Psychological researches determined that there are only six universal emotions that model our facial expressions. These core emotions are disgust, sadness, happiness, fear, anger, and surprise. What about other emotions so evident in our lives like: jealousy, pride, guilt or shame? Surely, people feel them, though they succeed in hiding these emotions and not showing them on their faces. So basically, people can only express six universal emotions, which in their turn have an impact on company culture. The reason behind this impact is the fact that people in some group/company catch the emotions of others through mimicry and subsequent changes in brain function.

Yeah, this is the key point. We, people, are conformists. We tend to imitate others for the sake of being liked and accepted in the company. That is the main reason why some employee may feel ashamed when they see their employer working late at night. Even if they completed their daily tasks, they will feel uncomfortable to leave the working place. Is it common for startups? I think so…

Startup Practice

I believe that it’s is pretty familiar to you as a startup founder or employee when every day there is an infinite number of tasks for you to cope with. Each task is highly important and you clearly see its big impact on your company. You do your best but there is never enough time to complete everything you planned. Then you start coming to work an hour earlier, leaving an hour later. Slowly but inevitably your work week increases from 40 hours to 50, then to 60, 70, 80, and up to 120 hours. The story about Steve Jobs “90 Hours a Week and Loving It” is a startup reality.

Ask startup founders why they do so and they will enthusiastically reply to you that they want to change the world. But in the end is it so beneficial for the company? Can the startup change the world or will its team burn out, split and bury the startup dream before making the company fly?

Manage It Or Burn Out

There is an enormous bunch of articles and researches on how to prevent a startup team from burning out as well as about emotional intelligence and mindfulness. However, I will prefer to stick to the HBR research, which proposes a solution for managing emotional culture on its whole rather than one of its components (emotional intelligence (EQ), self-management, “soft skills”, etc.). With regard to that solution, we can shape and retransform the existing emotional culture conducting such steps:

#1 Model Emotions

As simple as walking into the office with a smiley face can bring joviality to the team. The team mates will surely smile back and start to feel this emotion. Whereas neutral or angry face expression of the startup founder can quickly spread negative emotions, which will easily infect all the other members of the team. Why? Because of our human tendency to imitate.

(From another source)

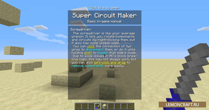 Используя инструменты и блоки из этого мода, вы сможете создавать редстоун схемы на небольших печатных платах, размером 7x7. Теперь вы сможете сделать сложную схему на 1 блоке.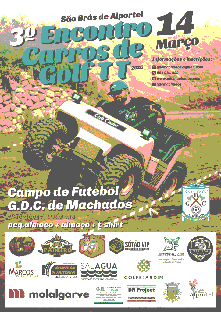 No próximo dia 14 de março, o Sítio dos Machados, no concelho de São Brás de Alportel, será palco do 3.º Encontro de Carros de Golf TT, um evento que promete juntar entusiastas do todo-o-terreno numa jornada marcada pela adrenalina, convívio e paixão pelos veículos modificados.

#2 Get People To Fake Emotions Till They Feel Them

If we want to cultivate a special emotion in the company, it is good to use the “deep acting” technique. Accordingly to this technique, people make an effort to express a certain emotion and then they suddenly start to feel it.

#3 Implement Emotional Culture Management At All The Levels

I have already emphasized that people tend to imitate others, especially if it can help them in being liked, favoured, or promoted. Hence, it becomes difficult to prevent the team burnout, dissatisfaction, and emotional exhaustion if the startup founders behave like pushing themselves to the limits while propagating mindfulness and joviality. Putting aside that it’s hypocritical, practically it will not simply work out. It’s up to startup founders to establish which emotions shall the team feel, model them and reward people for doing so for the sake of helping a startup to thrive.